あの人はまた寄生されていたのだろうか。血を見る度に安直に行き着くのも問題だろうが、自分を頼らなかったのはどうして、なんて疑問が心臓を蝕んでいく。刹那、眩暈に膝を付くと焼却炉の扉には青いリボンが挟まっている。リボンはもう助からないだろう。ぱちぱちと火花が弾ける中で意識がコーヒーのミルクのようにゆるりと浮遊し、昇っては落ちていく。
甘い匂いがする。彼の残り香ではないそれは軈てただの悪臭へと変わり、自分の眩暈を一層悪化させた。
ぱちぱち、ぱちぱち。焼けて焦げて朽ちていく。
「お前、遅刻したら閉め出すと言っただろう」
「保健室で寝かせてもらってたの。保健の先生に聞いてみろよ、俺は嘘ついてないし」
「帰ればいいのに」
「寂しいくせに」
血は苦手だ。自分の血や傷を見ただけでもすぐに具合が悪くなる。例外として平気なのは彼の寄生を剥がす時だけで、相手がそれ以外の理由で負傷すると、決まって血の気が冷めて立っていられなくなる。なお、彼自身が寄生を剥がしても同じだ。
相変わらず不機嫌そうに口を曲げる彼はゴムを外し、見事に伸びた髪を晒した。封じ込められていた芳香が、髪が広がるとともに撒き散らされるものだから、別の意味で眩暈がする。何に関してもフェチズムを発生させたことはないが、彼の髪となると別だ。夜の海が呑み込みに掛かる畏怖にすら似ている。呑み込まれて溺れていつでも窒息状態だ。
「だから部活、してくださいね。やる気はあるんで」
「…………ふん」
「でも五時半には帰るね」
「今帰れ」
眉に皺が寄ったが、それもすぐ伸ばされて眉尻が下がっていく。とある件を経てから彼はうら悲しそうな顔をすることが増えた。それが自分に対してか、己に対してか、またはどれでもないのか。それでも彼は寄生されるし、彼に取り憑くものは剥ぎ取っていく。その関係性は変わらない。変わらないけれど、自分たちは前ほどの距離を保てないでいる。白線がふたりの間にあって、どちらも跨げない。そもそも線を消せるほど、仲良しこよしもしていない。
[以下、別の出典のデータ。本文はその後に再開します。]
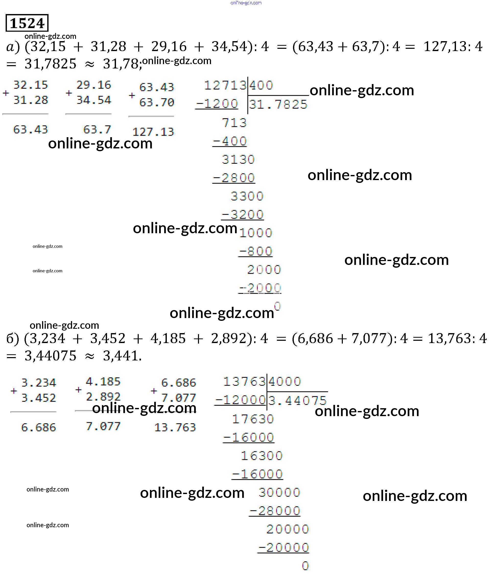 Готовые домашние задания по Математике за 5 класс Учебник Виленкин, Жохов 2013 - Глава 2. Дробные числа (упражнения с 850 по 1849) 1524

まじまじと凝視していたことに気付いたのか、彼は無理矢理舌打ちをすると、体を暖めていたカーディガンを脱ぎ始めた。それからセーター、インナーと脱ぎ捨て、最後は何も纏うことはなくなった。何も驚くことじゃない。いつものことだし、今日はそういう日でもある。部活では彼自らがヌードモデルとなり、デッサンをさせることがある。
「時間は三十分」
「短くなくていいんですか。先生が寒いでしょ」
「お前が早く終わらせたら良いだけのことだろう?」
鼻で笑われることも慣れた。手際よくデッサンの準備をすると、彼は椅子へと腰掛けて背中を向ける。しかし寒さが堪えるのか、膝掛けを引っ張り出して腰に巻いていた。腰骨が前方に張り出している。背骨も浮き出ている。貧相ではないが、隆々としたものもない。さり気なく生きているだけの肉体だった。
「それじゃあ時間は四時半まで。始めます」
「ああ」
時計を確認し、声掛けをすると返事をしたきり彼は身動きを取らなくなった。部活動において彼以外の人物を描いたことがない。だがわかる、彼は絵の才能もあればモデルの才能も持ち合わせている。呼吸も鼓動も停止したような静寂の中で、鉛筆が紙面を滑走する音だけが響き渡っていた。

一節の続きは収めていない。